Produktivitas Primer (Net Primary Productivity)

Untuk mengetahui kondisi kesuburan suatu perairan dapat dilihat dari pengukuran
produktivitas primer dari perairan tersebut dengan meninjau dari segi aktivitas hasil
fotosintesis dan keterkaitannya dengan parameter fisik, kimia dan biologi perairan tersebut.
Produktivitas primer merupakan kecepatan produksi zat organik yang diawali dengan
konversi energi cahaya matahari menjadi zat-zat organik melalui proses fotosintesis
(Campbell,2002). Faktor-faktor yang mempengaruhi produktivitas primer adalah cahaya,
nutrient, dan suhu. Selain ketiga faktor tersebut jenis fitoplankton juga berperan dalam
mendukung produktivitas primer perairan.

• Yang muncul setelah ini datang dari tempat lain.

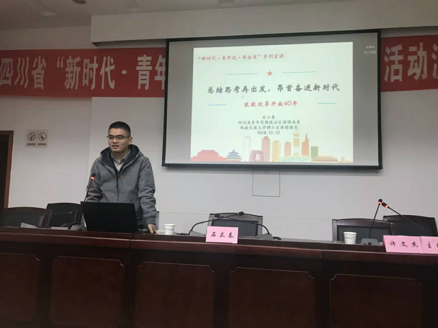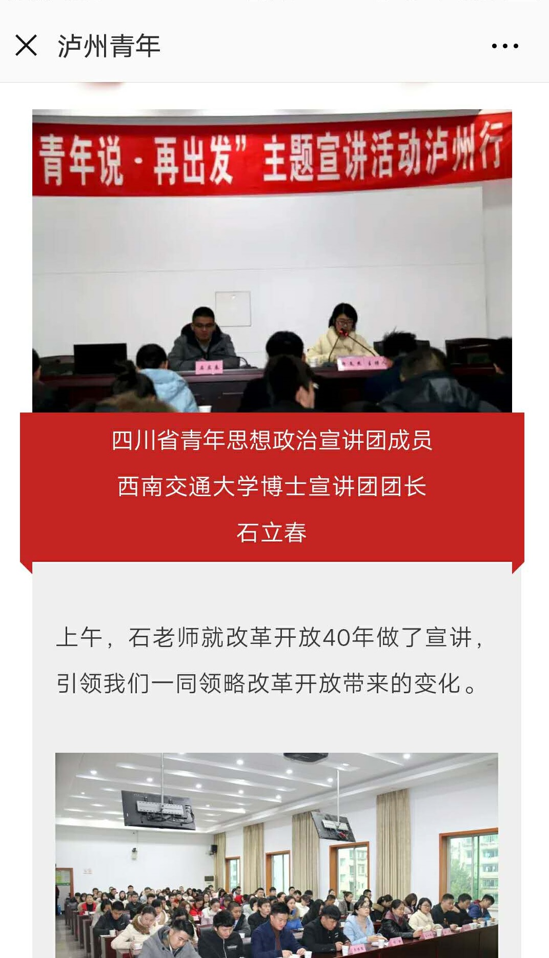12月12日9:00-11:30,四川省青年思想政治宣讲团泸州行第一站来到了纳溪区,四川省青年思想政治宣讲团成员、91吃瓜 博士宣讲团团长石立春老师进行题为《总结思考再出发,昂首奋进新时代》的宣讲。此次宣讲在纳溪区委大礼堂,吸引了来自泸州国家高新区纳溪科技园和泸州纳溪经济开发区的众多企业青年,还有镇街道团委书记、副书记,农村青年代表等。宣讲活动由泸州市纳溪区团委副书记许文杰主持。

Kemudian cahaya juga berpengaruh dimana
cahaya matahari tergantung waktu (harian, musiman, tahunan).
Praktikum dilakukan pada kolam budidaya cekdam bagian outlet. Dari hasil pengamatan pada
pukul 10.00-12.00 WIB pada perairan outlet diperoleh oksigen terlarut sebelum inkubasi (IB)
sebesar 1,8 mg/l. Setelah dimasukkan dan didiamkan di dalam kolam selama tiga jam, maka
diperoleh hasil pada botol gelap setelah inkubasi (DB) nilai DO sebesar 2,74 mg/l, dan botol
terang (LB) sebesar 2,4 mg/l. Nilai DO pada botol sebelum inkubasi lebih besar dari pada
kedua botol gelap dan terang setelah inkubasi, hal ini terjadi karena pada siang hari intensitas
cahaya matahari terpenuhi, terjadi proses fotosintesis sehingga mampu menghasilkan
produksi bahan organik dengan bantuan energi matahari. Sedangkan pukul 15.00 WIB sinar
matahari mulai berkurang sehingga fotosintesis yang terjadi hanya sedikit. Begitupun nilai
DO pada botol terang lebih besar daripada botol gelap, hal ini dapat disebabkan karena
pengaruh pita rekat hitam yang ditempel dan dililitkan pada botol gelap dapat mempengaruhi
intensitas cahaya yang masuk ke dalamnya. Karena intensitas cahaya yang masuk dapat
membantu terjadinya aktivitas fotosintesis sehingga menghasilkan oksigen terlarut. Sehingga
kadar oksigen pada botol terang jauh lebih banyak dari botol gelap. Faktor cahaya yang
menurun maka produktivitas primernya pun juga akan menurun (Wetzel,1975).